▶ PROMPT
Read through the listing below and return only the lines containing "Figure".

▶ INPUT FOR THIS TASK
************

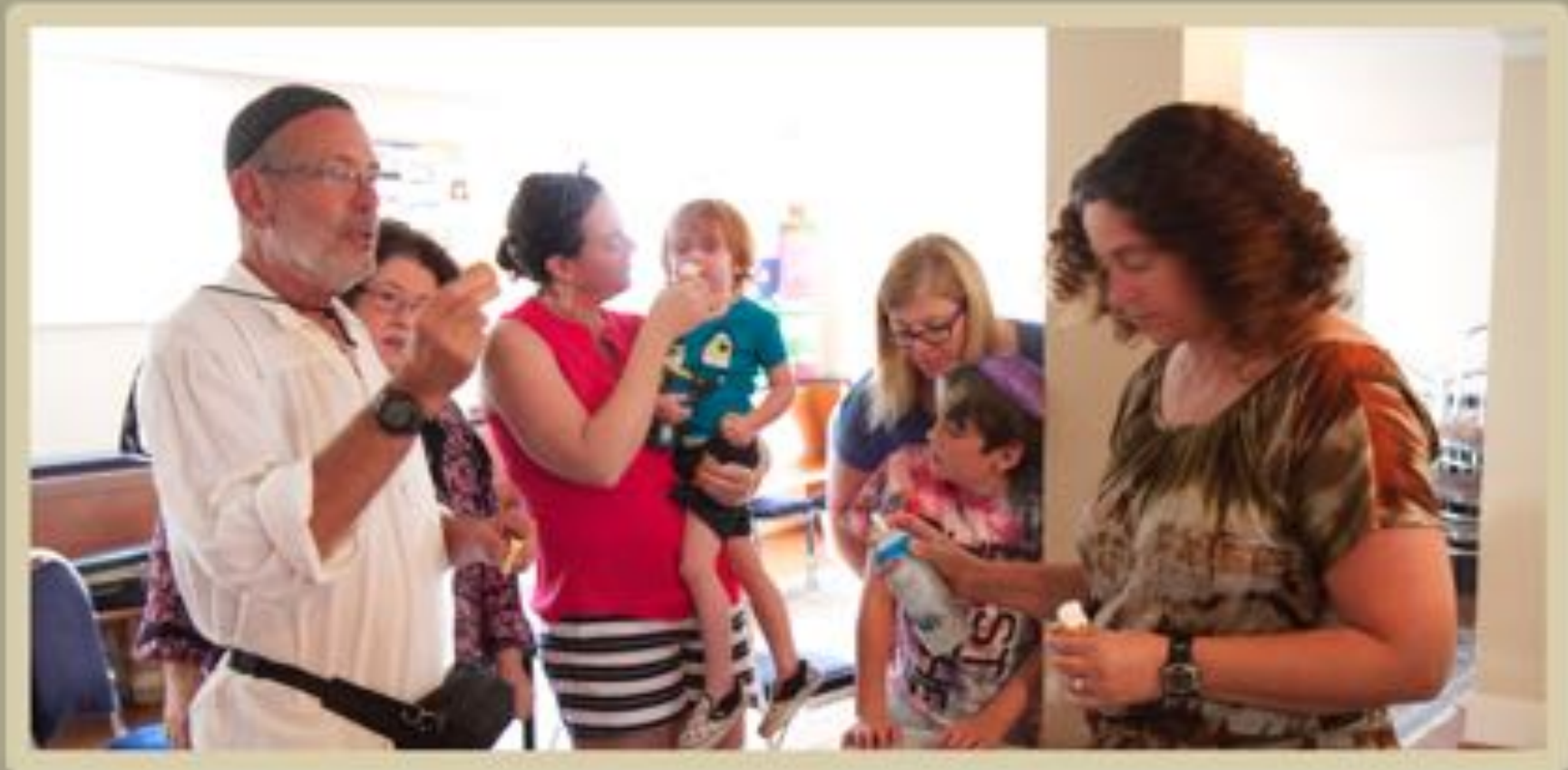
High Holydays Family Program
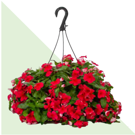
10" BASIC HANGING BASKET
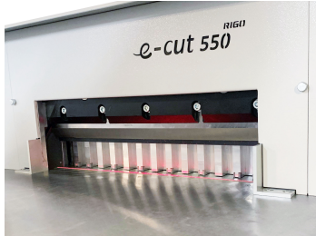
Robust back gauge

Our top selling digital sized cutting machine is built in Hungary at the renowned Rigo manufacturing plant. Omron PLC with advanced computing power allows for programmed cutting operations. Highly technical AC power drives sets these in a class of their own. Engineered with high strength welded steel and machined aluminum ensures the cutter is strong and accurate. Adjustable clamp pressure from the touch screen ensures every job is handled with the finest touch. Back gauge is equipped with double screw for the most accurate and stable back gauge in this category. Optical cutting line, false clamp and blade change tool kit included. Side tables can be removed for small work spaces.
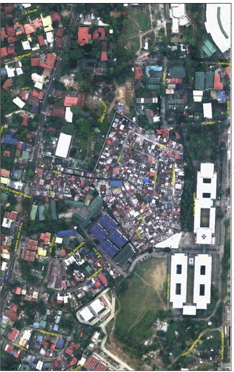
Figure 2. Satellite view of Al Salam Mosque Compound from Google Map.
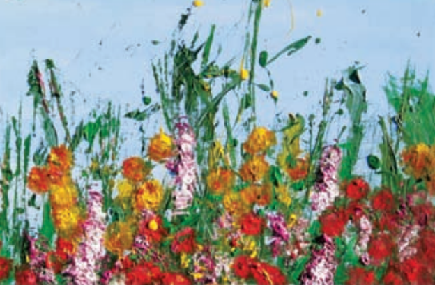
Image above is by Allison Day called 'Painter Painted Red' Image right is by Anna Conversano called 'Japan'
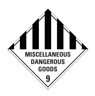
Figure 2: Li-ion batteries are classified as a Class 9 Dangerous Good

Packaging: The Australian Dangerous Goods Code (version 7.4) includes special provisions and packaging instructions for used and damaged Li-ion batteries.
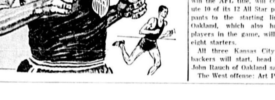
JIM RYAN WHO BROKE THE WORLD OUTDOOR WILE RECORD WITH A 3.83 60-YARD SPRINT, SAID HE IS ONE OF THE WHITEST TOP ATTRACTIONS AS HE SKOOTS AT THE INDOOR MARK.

************

▶ RESPONSE BOX
Figure 2. Satellite view of Al Salam Mosque Compound from Google Map.
Figure 2: Li-ion batteries are classified as a Class 9 Dangerous Good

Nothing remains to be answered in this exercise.